Isso mesmo, pois naquela velha mesa de bar, naquele barzinho de aparência rústica, em meio a encontros etilicamente revolucionários, nasceram poesias magistrais, surgiram composições memoráveis, foram entoados os primeiros versos da música genial. A lágrima foi chorada, a glória emergida.
Dali a pouco vão chegando outros e mais tantos outros jovens e velhos, todos com aspectos de liberdade demais no vestir e no andar, ávidos pelo primeiro gole, loucos para entrar com ferocidade na primeira discussão surgida. De repente a mesa, que agora são duas, está completamente tomada por jornalistas, compositores, poetas, escritores, diplomatas, gente que está ali para se deliciar do prazer da conversa, da criação e principalmente da vasta bebida, da fumaça incontida do cigarro, do pratinho que chega com tira-gosto.

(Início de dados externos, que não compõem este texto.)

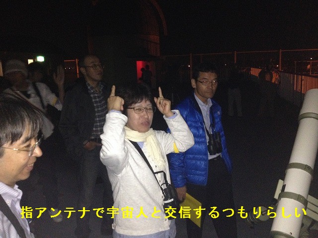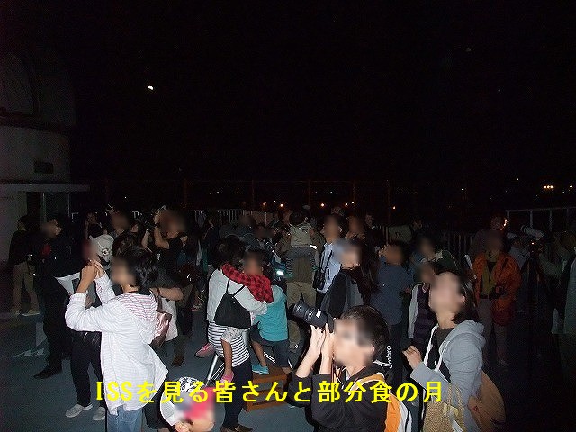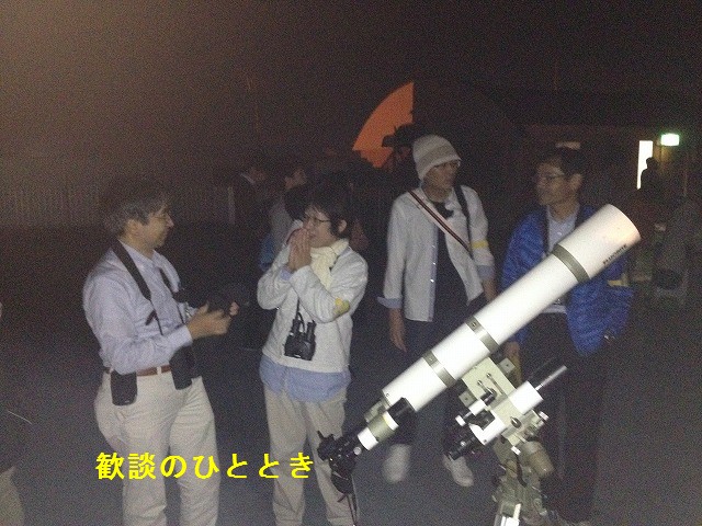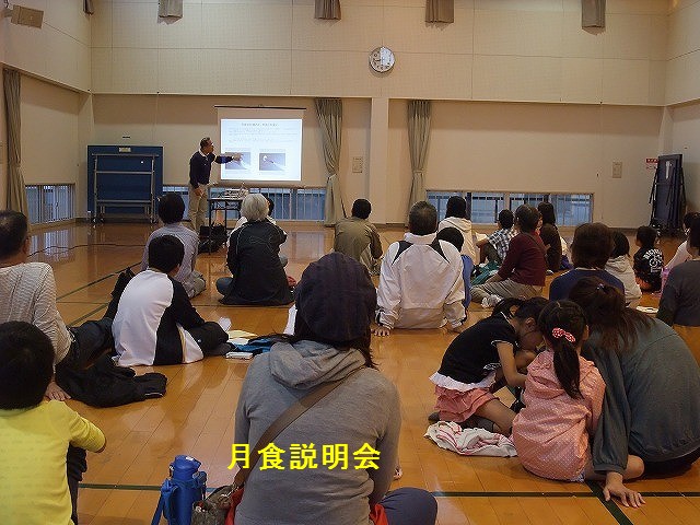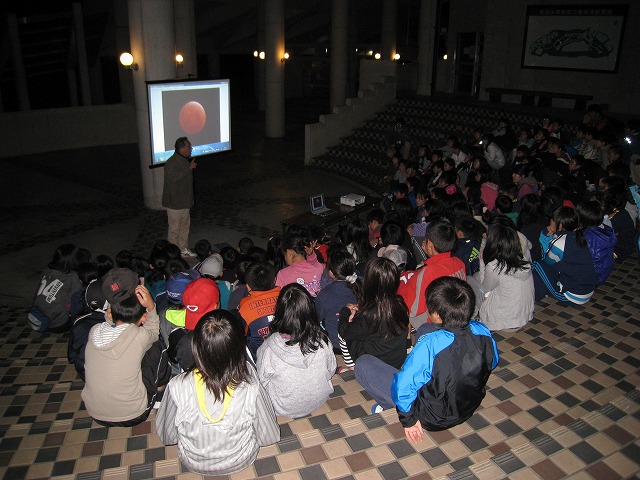 10月8日 西与賀コミュニティーセンター(佐賀市天文台) 「皆既月食 特別観望会」 17:30からの説明会では副島さんが、月食のしくみや見え方、見るポイントなどを資料と映像で話をしました。スクリーンには、リアルタイムの月の映像も映し出されました。 18:25分ごろNHKがニュース番組で2分間の中継をし、20:45からのローカルニュースでも流れたらしいです。私の担当したドブソでは、月の欠けた状態や皆既中の月の色がきれいという人が多かったです。皆既中は、土星やアルビレオやアンドロメダγなどをみてもらいました。アルビレオは宮沢賢治がトパーズとサファイアと呼んだ連星が天の川の微光星達の中に見えるのに驚いて喜ぶ人が多くいました。 ドームの中では、早い時間には土星を見てもらい、その後は月のほかに天王星やくじら座ミラなどをみてもらったようです。 観望対象:月 来訪者:約300名 担当者;近藤、永渕、副島、鶴田、園田、松林、松本、市川、大石、土井、松尾 報告:近藤 写真:松尾、近藤 写真 1、2、3、4、5、6、7、8、Moon k1、k2、k3、 k4、k5 |
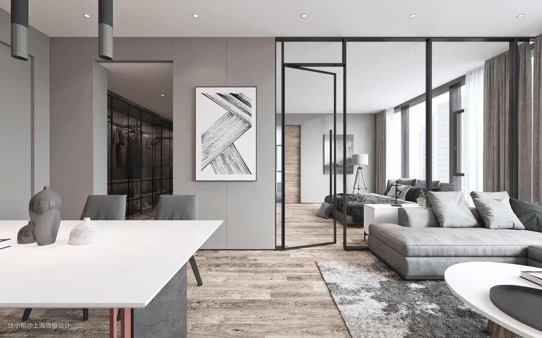 紧邻客厅卧房则透过清玻璃烤漆门,区隔内外之余亦拓展无尽视野,借此明亮轻盈调性放大空间感;兼具廊道功能的独立更衣间,透过轻透玻璃结合灰泥背墙,再辅以崁灯照明缔造光影流动,塑造有如精品展示艺廊质感;卫浴采用波纹大理石串连干湿分离,平衡深灰壁砖沉厚调性。
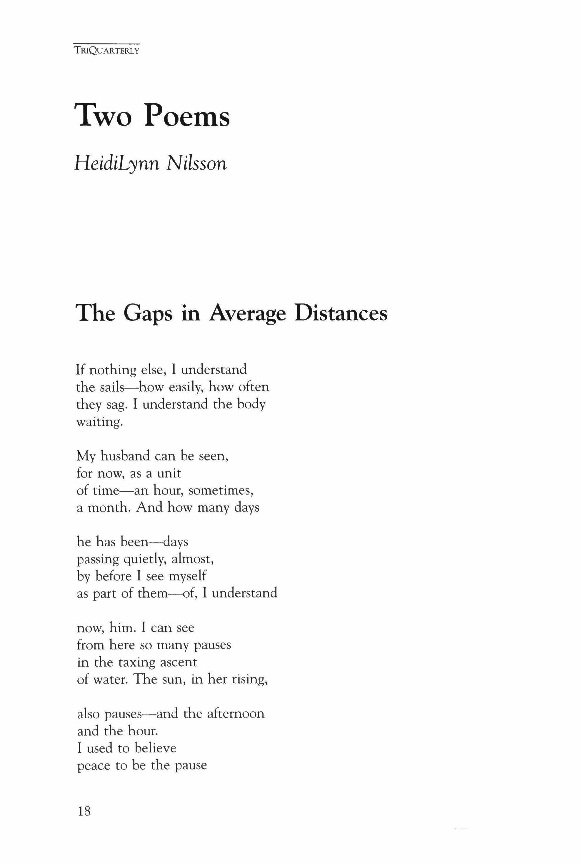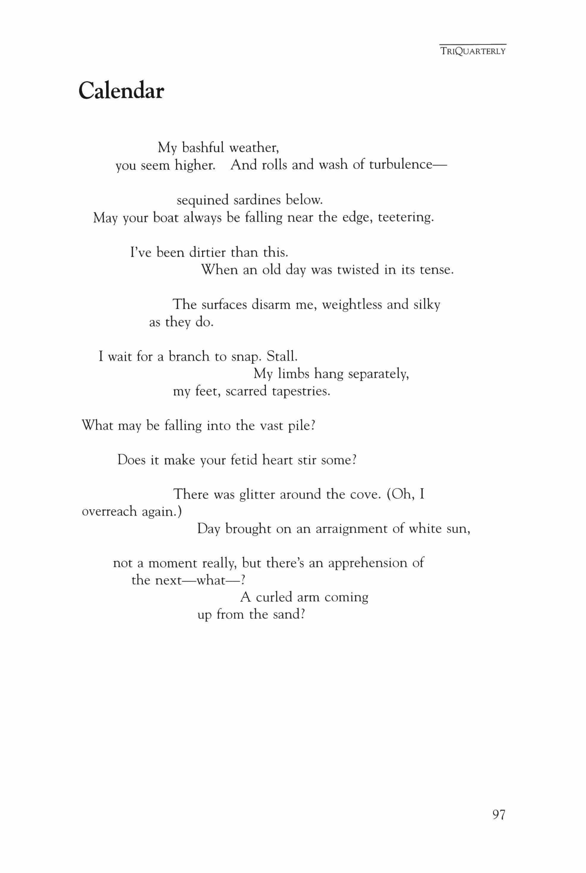 between work-weeks-s-a walk along either shore; the thin, complacent reach of the waves. Piers stacked in sections on the leaf-strewn beacheshalf-bridges drawn in before each lake closes its eye.

Logicamente que aqueles dois primeiro personagens citados exemplificam apenas pessoas adeptas a uma manifestação fortemente cultural chamada mesa de bar. Infelizmente não de hoje, mas de ontem e de outros tempos idos. E um tempo onde era permitido ter o barzinho como expressão intelectual, tornar aquele ambiente um cenário de exposição verbal ou vocal daquilo que havia sido produzido, possibilitar que entre uma dose e outra surgissem parcerias, inspirações geniais, discussões que redundavam em manifestos, simples conversas que diziam tudo sobre a situação do país.
Hoje ainda existem esses bares, mas são poucos, e menos ainda a intelectualidade que os possa freqüentar com dignidade. O que hoje é escrito no computador e tendo um copo de uísque ao lado, noutros tempos nascia no papel do guardanapo, riscando a própria mesa, catando qualquer coisa pra preservar a genial criação. E tudo cheirando a limão, tosquiado pela fumaça do cigarro, algo assim que ninguém dava nada naquele momento.
E dizem que certa vez Vinícius de Morais saiu embriagado de um desses barzinhos e levando consigo a toalha da mesa. Ora, ali estava escrito um de seus mais famosos sonetos. Jaguar, o do Pasquim, lembra bem que via enquanto ele rabiscava, mas não conseguia ler nada: também estava bêbado.